When the New Deal wanted to invite the co-operation of hardboiled businessmen, its friendliest thoughts were of him. Secretary Roper made him head of his Business Advisory & Planning Council. And when the President wanted someone to step into General Johnson's shoes, Clay Williams was the answer. He came at 95-c- a year ($1 after April i) and began getting down to NRA headquarters at 7:30 in the morning. He still does. At breakfast, lunch and dinner, he goes out to eat with businessmen who have kicks against NRA--it is against his rules to be interrupted by callers or telephones during office hours. Otherwise he is not seen around Washington. So far as he is concerned he is simply there for a job, to clean up the administrative mess at NRA.

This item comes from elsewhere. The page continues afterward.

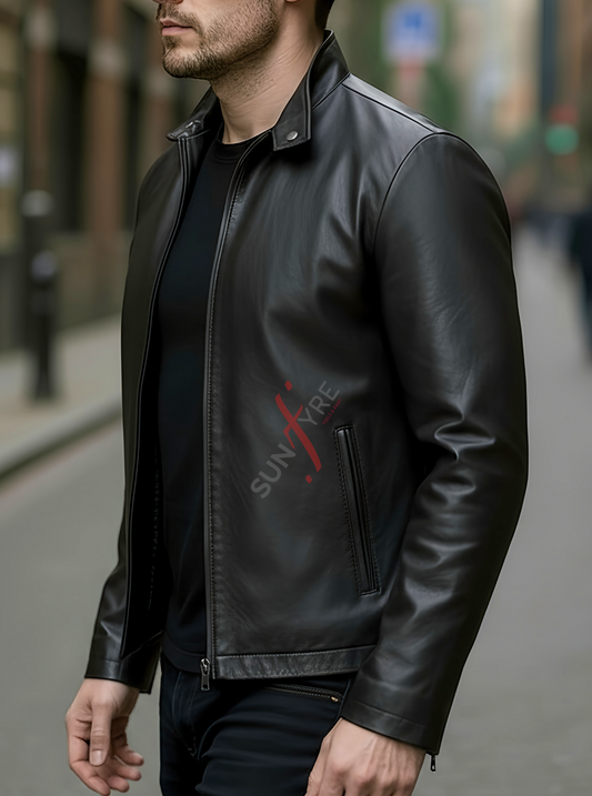 Matt Black Cafe Racer Leather Jacket For Men Sheepskin (SF624)

Thus S. Clay Williams is not a New Dealer but a businessman--a tobacco man --but he is a useful New Deal adjunct. His fellow board members know perfectly well that he is on the side of business-- which is part of his usefulness at a time when the Administration is trying to win the confidence of business. Because of his open taking of sides in the Recovery Board's debates, it was at one point suggested that he resign the gavel to the Board's Executive Secretary Leon Marshall--which he did. During the discussions of the recently adopted cigaret code he did not try to be impartial, simply withdrew from the meetings when the subject came up.

But to Franklin Roosevelt he is a valuable midway man: to bring order out of the NRA's adolescent chaos, to bring it peace instead of contention in the public prints. For Clay Williams has not the temperament to promote stormy scenes and he never has anything of importance to say to the Press. What he has to say he says at the White House himself or sends word by Donald Richberg. He is valued also as a midway man on NRA theory. The index of cigaret consumption fluctuates with every economic curve--and the industry meets fluctuations by flexing not by fixing prices. S. Clay Williams is accordingly no price- fixer. Recently NRA surveyed 23 industries and came to the conclusion that those which had maintained their prices had bad employment records compared to those which had flexed prices. As a price-flexer Mr. Williams favors uniform minimum wages as tending to stabilize costs, hence competition.

To the question: "Is it oriole, redbird or bluebird, or some strange, un-Auduboned new bird?" S. Clay Williams favors an NRA of neutral color with no spectacular plumage. That makes him a considerable asset to the New Deal. For when the shooting begins over the form of NRA's renewal, a neutral bird will be the poorest target.